Letting experts speak

If our interest is limited to getting the ‘correct outcome’, then we ought to do better (in terms of likelihood of arriving at correct decision) by polling people with higher probabilities of getting it right.  We will also save on resources. Another version of the idea would be to do a weighted poll, with weights proportional to probability of being correct.  The optimal strategy is to have weights proportional to log p(correct)/p(incorrect).  (Nitzan and Paroush, 1982; Shapley and Grofman, 1984)

It isn’t as much a contention as a prelude to the following conclusion – Any serious engagement with epistemic worthiness as a prime motive in governance will probably mean serious adjustments to the shape and nature of democracy, and in all likelihood abandonment of mass democracy.

When 60% differs from 51%

The key consideration in CJT is choosing the ‘right’ option from the two on offer. Under this system, 51% doesn’t quite differ from 60% or 90% for all yield the same ‘right choice’. Politics works differently – presidents tout and base their policy agendas on ‘mandates’, Congress and Senate have a slew of procedural and legislative rule that buckle under larger numbers. Thinking about Congress and Senate brings new complications, and here’s why – while election of each member may be justified by CJT, the benefit produced by elected representatives needs another round of aggregation – without some of the large n benefits of mass democracy.
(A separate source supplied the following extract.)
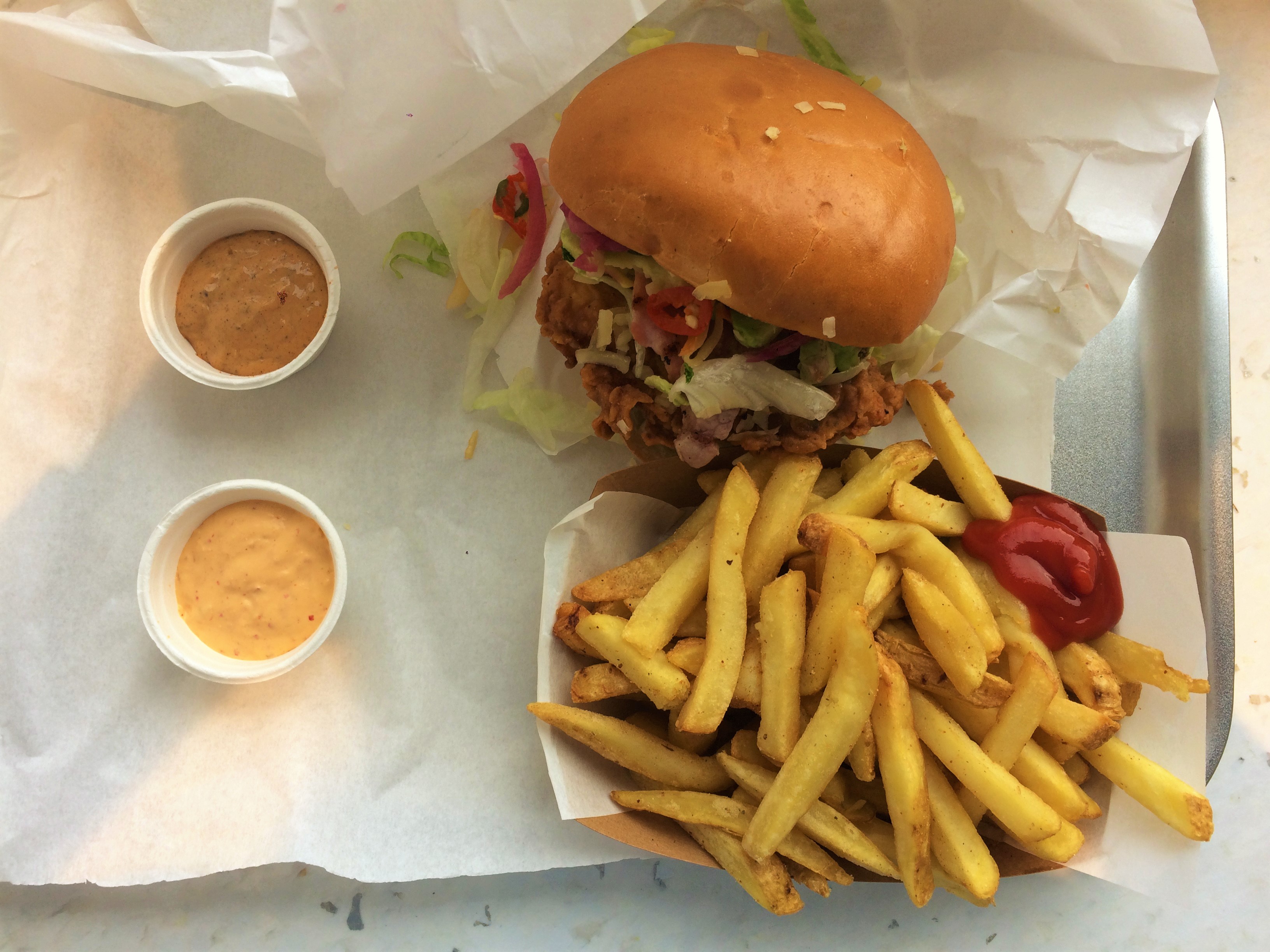 A chicken burger with a generous portion of fries and two home-made sauces

Here again we may note – as McCarty and Poole have relentlessly shown – that the ‘jury’ is extremely ‘non-independent’, prone to systematic biases, etc. In addition, no longer is choice limited to two – though each choice task can be broken down into a series of Boolean decisions (arriving at the ‘right decision’ in this kind of linear aggregation over choice spectrum will follow a complex function of p(correct choice) for each binary decision.

In Summary

Conjectures about epistemic utility of electoral democracy are particularly rife with problems when seen through the lens of Condorcet. This isn’t to say that no such benefits exist but that alternate frameworks are needed to understand those benefits.